Search code examples
pythonlistcategoriessublist

How to create a new layer of sublists based on a common key within each sublist in order to categorize the sublists?


How to create a new layer of sublists based on a common key within each sublist in order to categorize the sublists? In other words, how do you place sublists into a new sublist within the list where each item at index 1 is the same?

For example, I'd like to turn the following list of sublists into a list of sublists in which each sublist is in a new sublist where each item at index 1 is the same within that sublist. I'd like to place the sublists of apples, bananas and oranges in this list into a new sublist.

lsta = [['2014W01','apple',21,'[email protected]'],['2014W02','apple',19,'[email protected]'],['2014W02','banana',51,'[email protected]'],['2014W03','apple',100,'[email protected]'],['2014W01','banana',71,'[email protected]'],['2014W02','organge',21,'[email protected]']]

I'd like the three sublists of apples to be contained within a new sublist, as well as the two sublists of bananas into a new sublist, etc.
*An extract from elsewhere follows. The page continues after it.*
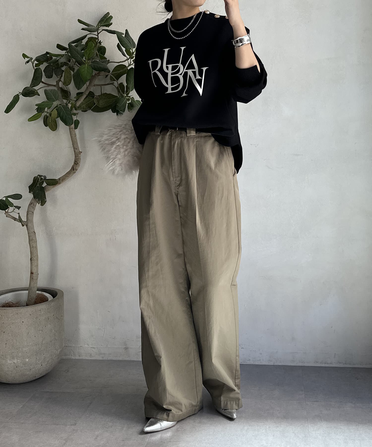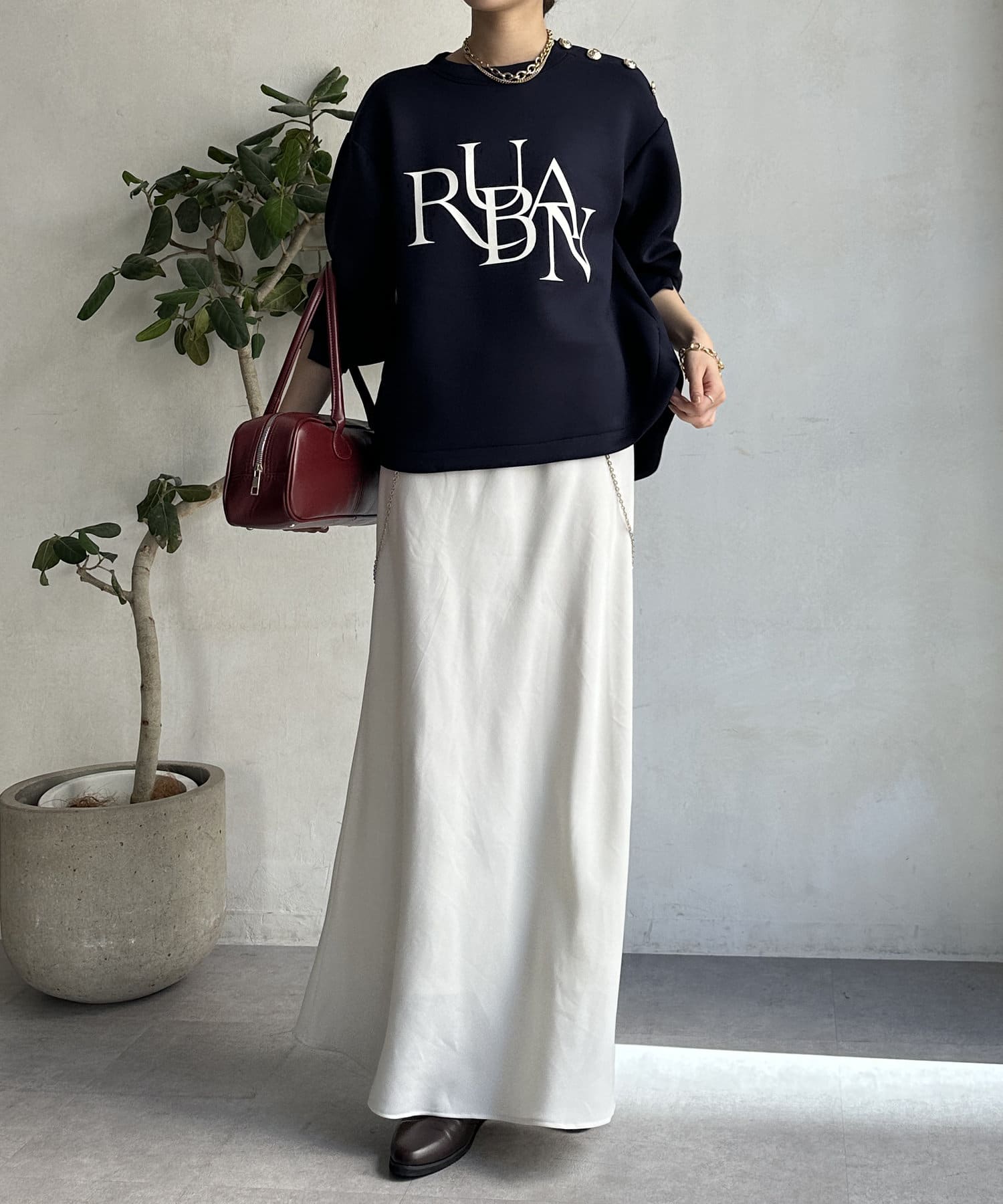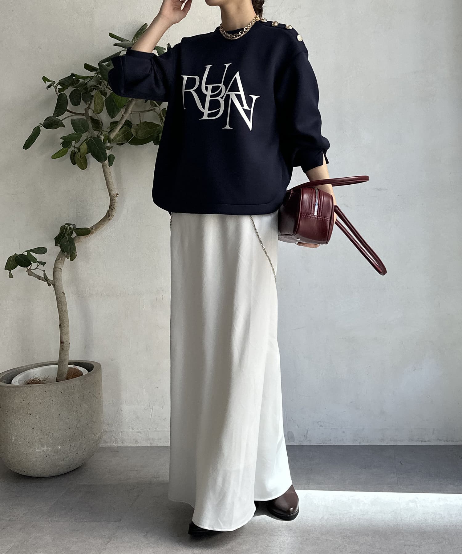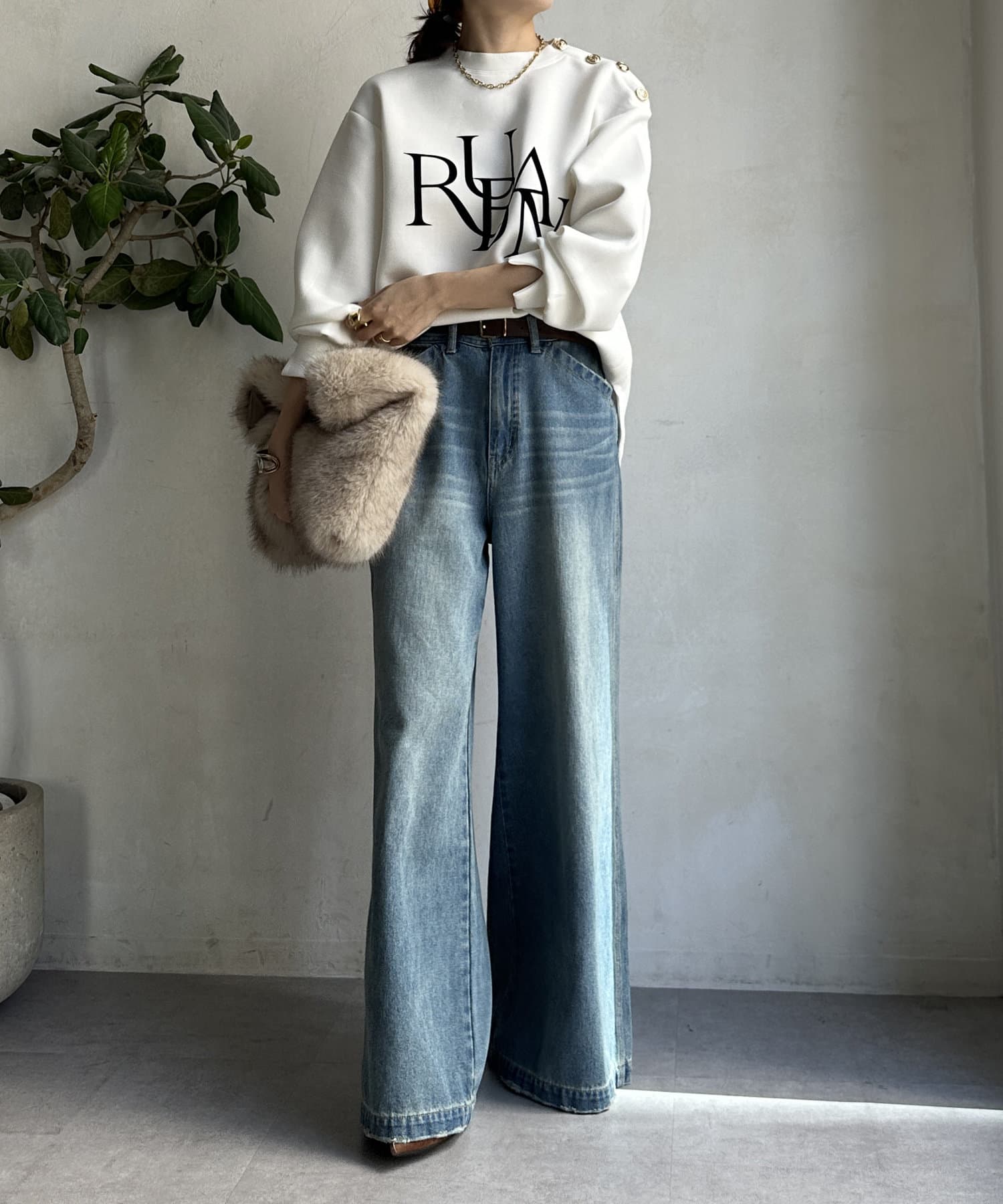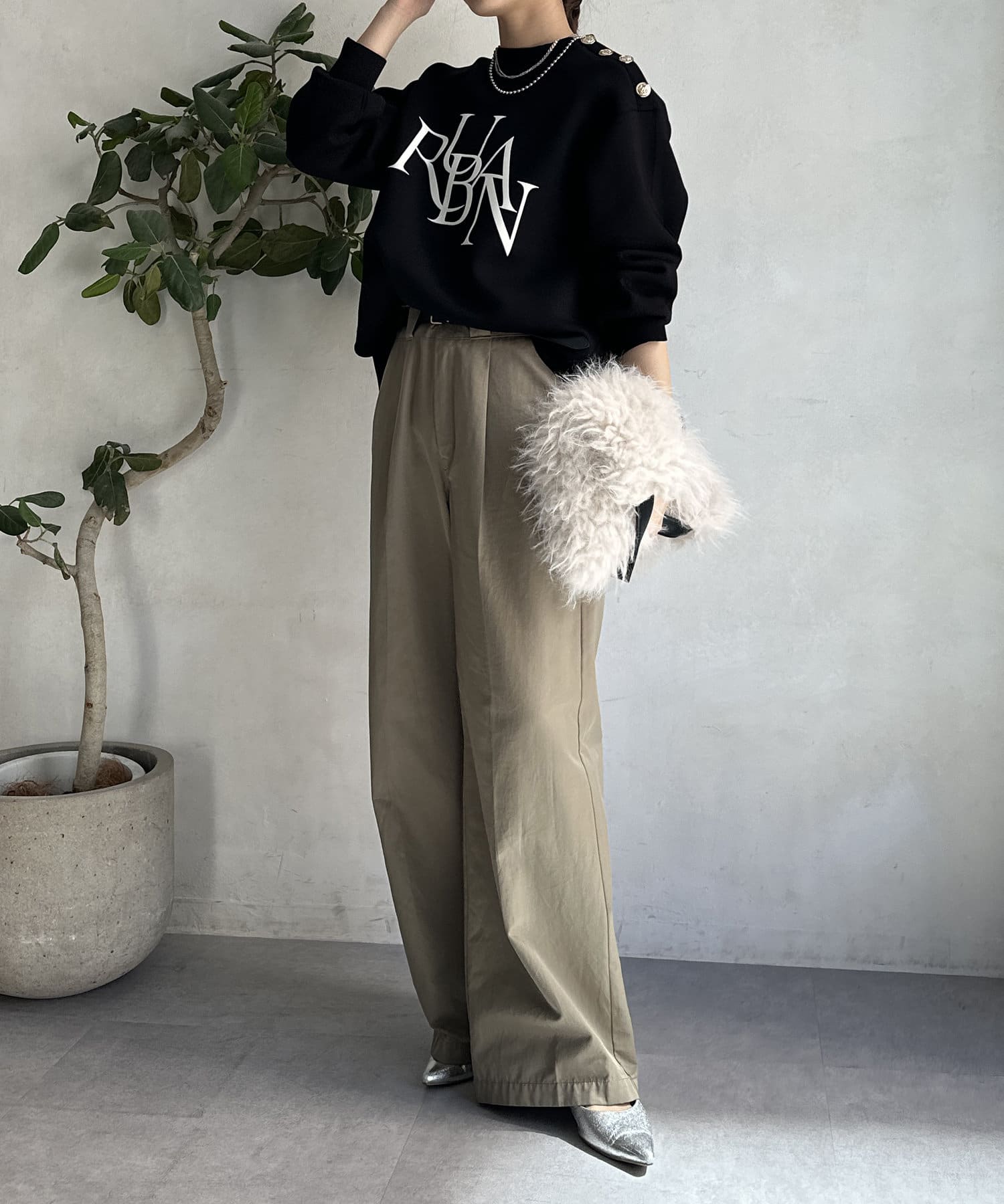 ショルダーのゴールドボタンがアクセントのロゴトップス!

Desired_List = [[['2014W01','apple',21,'[email protected]'],['2014W02','apple',19,'[email protected]'],['2014W03','apple',100,'[email protected]']],[['2014W02','banana',51,'[email protected]'],['2014W01','banana',71,'[email protected]']],[['2014W02','organge',21,'[email protected]']]]
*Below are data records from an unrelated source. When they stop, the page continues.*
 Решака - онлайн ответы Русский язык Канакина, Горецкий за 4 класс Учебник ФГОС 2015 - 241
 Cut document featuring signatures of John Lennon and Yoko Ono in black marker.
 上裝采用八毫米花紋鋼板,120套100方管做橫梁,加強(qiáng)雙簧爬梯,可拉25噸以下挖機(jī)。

Bonus points, if you could tell me how to do multiple categorizations (e.g. not only separating by fruit type, but also by week)?


Solution

  • I'll take a bit of a different tack. You probably want your group-by field to be the lookup value in a dict. The value can just be a list of various.. whatever you want to call each sublist here. I'll call each one a FruitPerson.
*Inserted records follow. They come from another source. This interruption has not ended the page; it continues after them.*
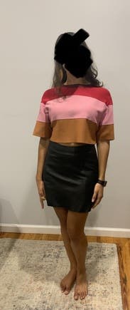 This top was such a great piece! It was a fun a spin on a cropped tee. It is actually made out of a thick, heavy, stretchy material. I received so many compliments while wearing this!
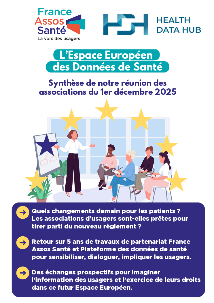 Le 1er décembre 2025, France Assos Santé et la Plateforme des données de santé ont réuni une trentaine de représentants d’associations d’usagers à PariSanté Campus pour échanger sur l’Espace européen des données de santé (EEDS) et ses futures implications pour les patients en France. Pensée comme un premier temps de dialogue, cette rencontre visait à sensibiliser les associations, entendre leurs besoins et leurs inquiétudes, répondre aux questions et poser les bases d’une information claire et partagée sur l’EEDS.
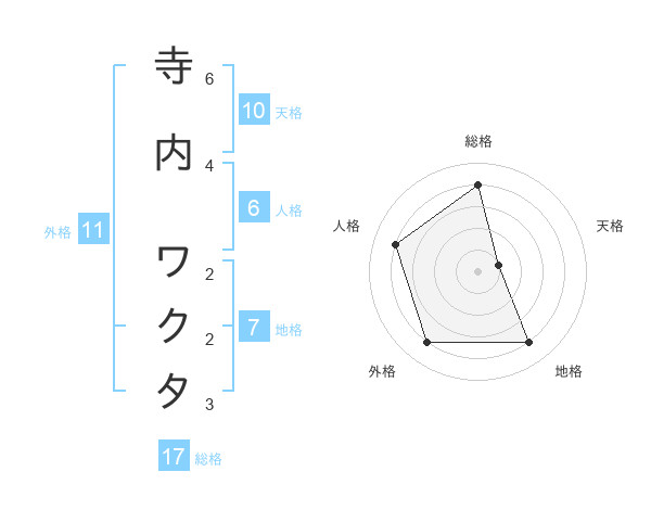 寺内 ワクタさんの総格は17画の4点!
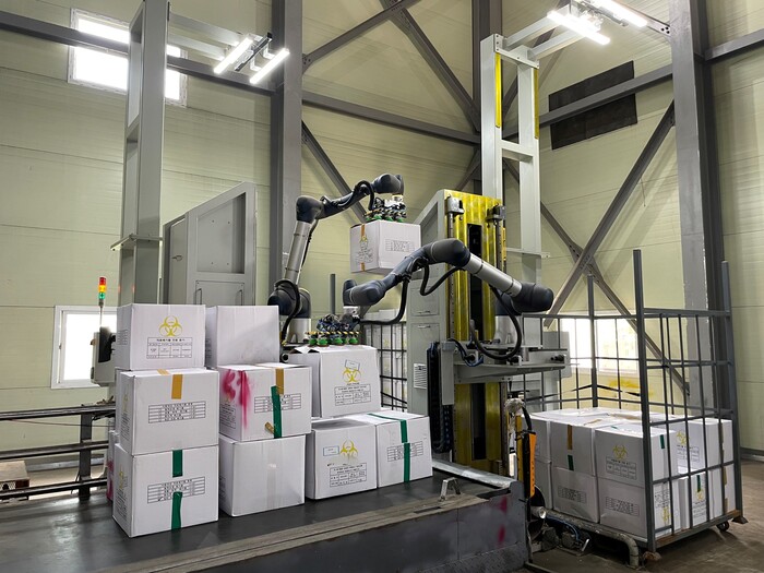 ▲SK에코플랜트 의료폐기물 소각장 로보틱스 실증 모습. [사진=SK에코플랜트] |
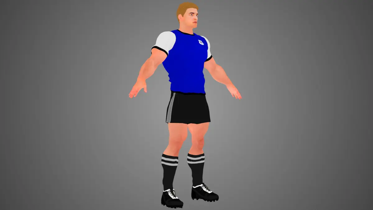 Includes 15 Animations In FBX Format: Walk Forward, Walk In Place, Idle, Soccer Idle, Run Forward, Run in Place, Chip, Offensive Idle, Scissor Kick, Soccer Penalty Kick

    from collections import defaultdict, namedtuple
    
    FruitPerson = namedtuple('FruitPerson','id age email')
    
    d = defaultdict(list)
    
    for sublist in lsta:
        d[sublist[1]].append(FruitPerson(sublist[0],*sublist[2:]))
    

    Then, for example:

    d['apple']
    Out[19]: 
    [FruitPerson(id='2014W01', age=21, email='[email protected]'),
     FruitPerson(id='2014W02', age=19, email='[email protected]'),
     FruitPerson(id='2014W03', age=100, email='[email protected]')]
    
    d['apple'][0]
    Out[20]: FruitPerson(id='2014W01', age=21, email='[email protected]')
    
    d['apple'][0].id
    Out[21]: '2014W01'
    

    Edit: okay, multiple-categorization-bonus-point question. You just need to nest your dictionaries. The syntax gets a little goofy because the argument to defaultdict has to be a callable; you can do this with either lambda or functools.partial:

    FruitPerson = namedtuple('FruitPerson','age email') #just removed 'id' field
    d = defaultdict(lambda: defaultdict(list))
    
    for sublist in lsta:
        d[sublist[1]][sublist[0]].append(FruitPerson(*sublist[2:]))
    
    d['apple']
    Out[37]: defaultdict(<type 'list'>, {'2014W03': [FruitPerson(age=100, email='[email protected]')], '2014W02': [FruitPerson(age=19, email='[email protected]')], '2014W01': [FruitPerson(age=21, email='[email protected]')]})
    
    d['apple']['2014W01']
    Out[38]: [FruitPerson(age=21, email='[email protected]')]
    
    d['apple']['2014W01'][0].email
    Out[40]: '[email protected]'
    

    Though honestly at this point you should consider moving up to a real relational database that can understand SELECT whatever FROM whatever WHERE something type queries.